ただこの議論は、そもそも奇妙だ。二酸化炭素の排出量削減に優れた企業がひっぱりだこになるのであれば、誰もが積極的に二酸化炭素の排出量削減に取り組む。該当コストの負担を押し付け合っている状況は、そもそも企業人が二酸化炭素の排出を減らしても意味がない、といっているように思える。
環境が重要だと人々はいっているものの、Z世代はファストファッションで何枚もの衣類を購入する。企業人も、企業活動を担うときにはSDGsと叫んでいるが、生活者に戻るとSDGsにかかわらず安価な商品を買う。人間とはそういうものだ、といってしまえばそれまでだが、なにかひっかかる。
ECサイトTemuの大躍進
現在、ECサイトのTemuが話題になっている。動画やテレビCMでも、このところ見た人は多いだろう。先日はスーパーボウルのCMがニュースになった。Temu自体は、どのように表現していいかわからない。衣類や雑貨を中心とした激安ECといっておけばいいだろうか。このところ急速に知名度をあげている。

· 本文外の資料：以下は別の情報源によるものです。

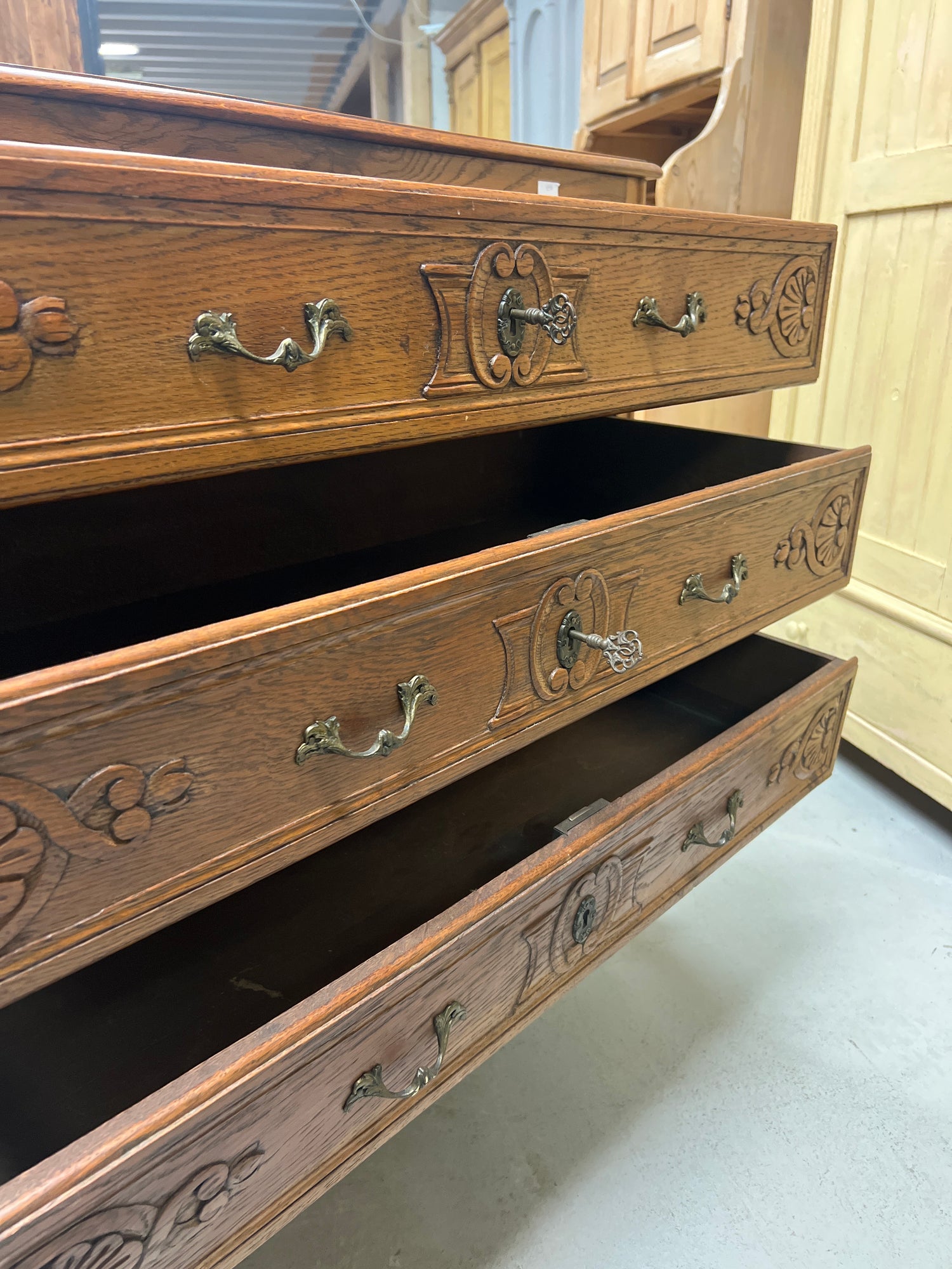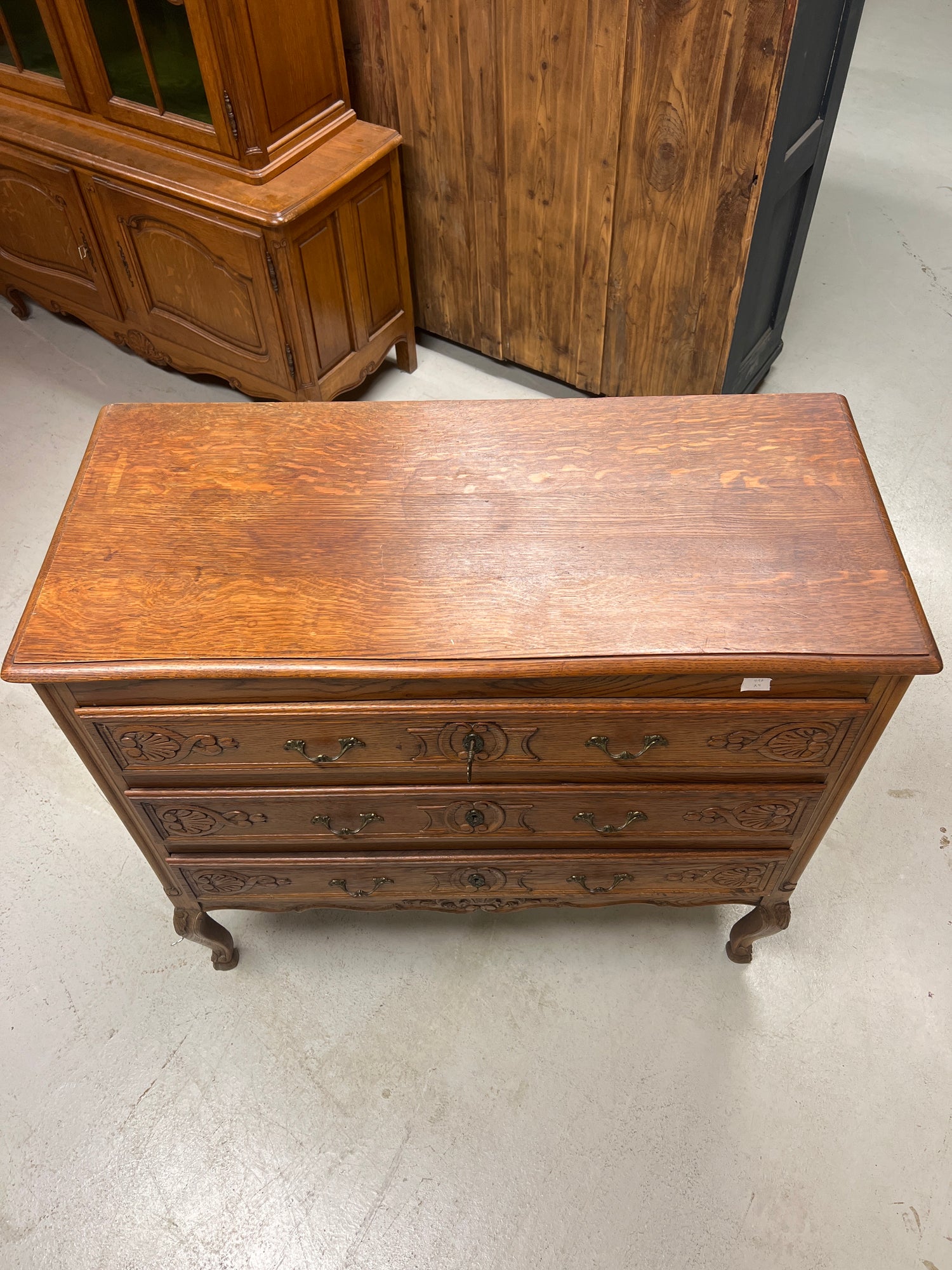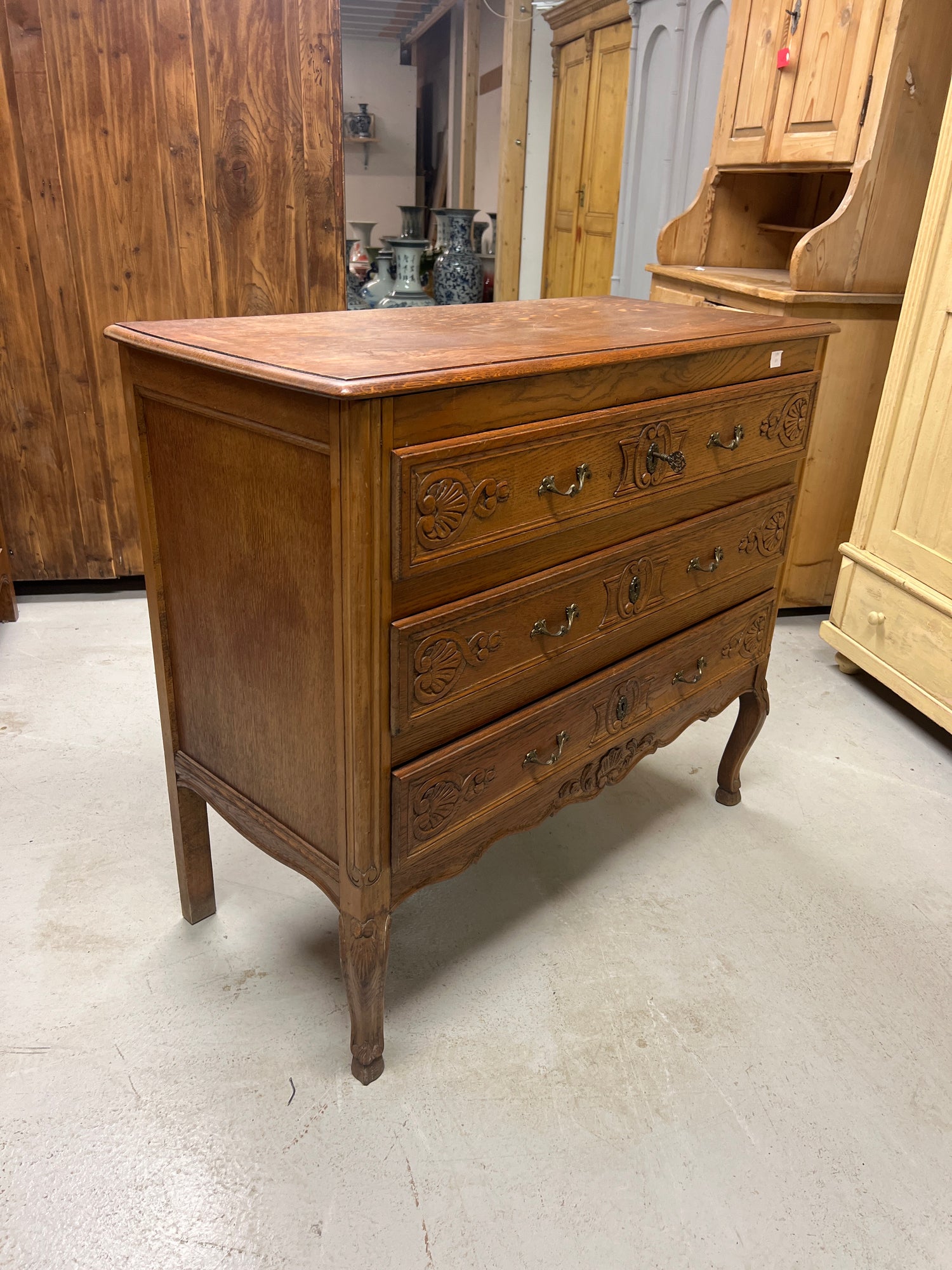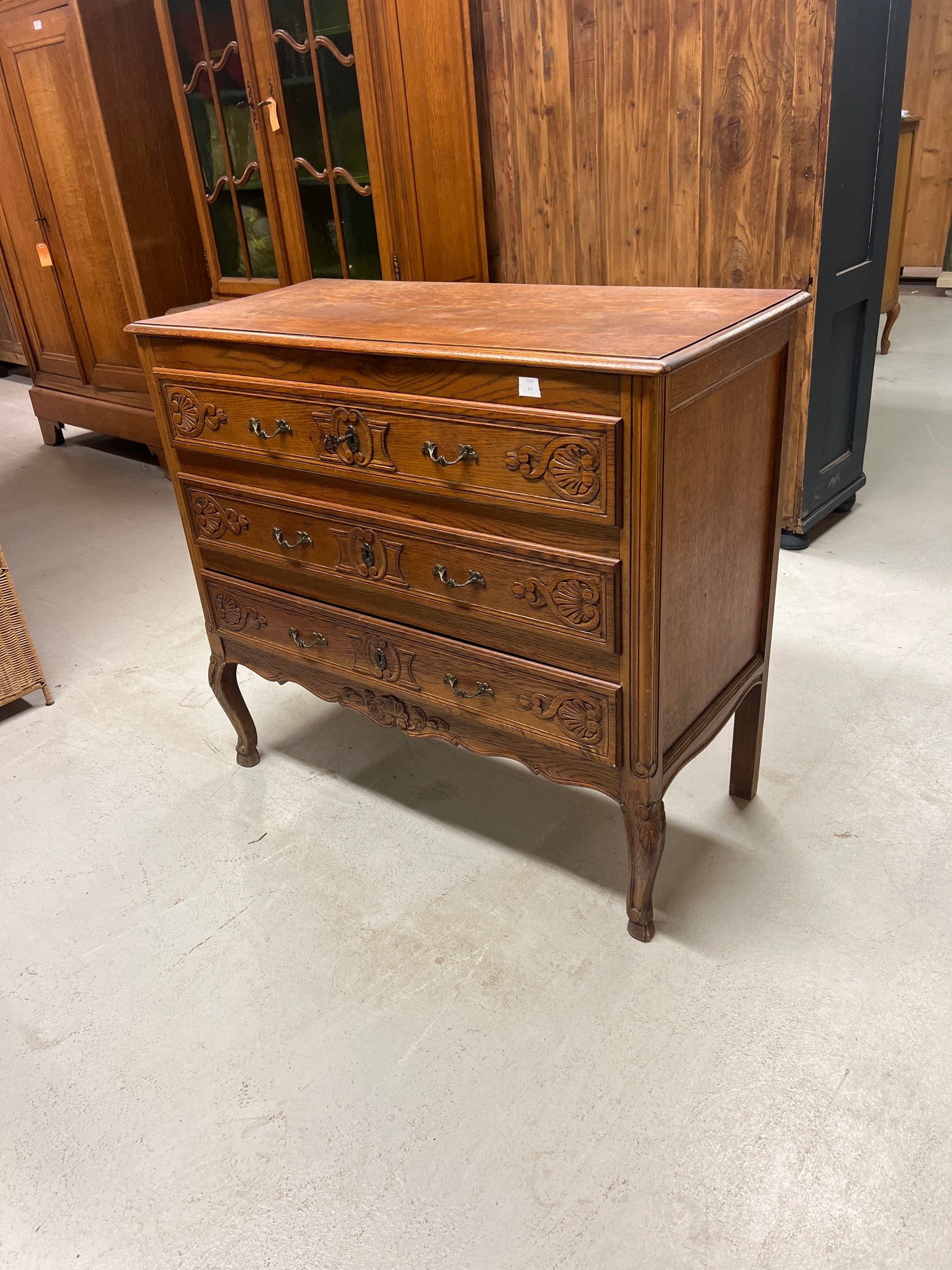 Kaunis rokokoo lipasto kolmella hyvin liikkuvalla vetolaatikolla. Kauniisti patinoitunut tammi lipasto. Tukeva, jämäkkä ja hyväkuntoinen😍

該当のサイトを見ると、つねにセール、90%オフ、コスパ最強、数量限定クリアランス……といった言葉が並ぶ。そのほとんどが価格しか訴求性をもっていないと告白しているようで、実に清々しい。同アプリのキャッチフレーズ「億万長者気分でお買い物」はきわめて言い得て妙だ。90%オフといった表現を見るたびに、「そもそもその金額だったんじゃないのか。景品表示法的に大丈夫なのかよ」と私は笑ってしまったほどだ。
Temuのビジネスモデルは明確だ。中国中にはりめぐらされたサプライチェーンを有し、調達から製造・出荷までを一貫して管理する。これによりコストを引き下げる。同社自体は在庫をもたずにリスクを軽減している。同社はアプリを開発し、売れる商品を探し、企画し、マーケティングを工夫し顧客数を最大化する。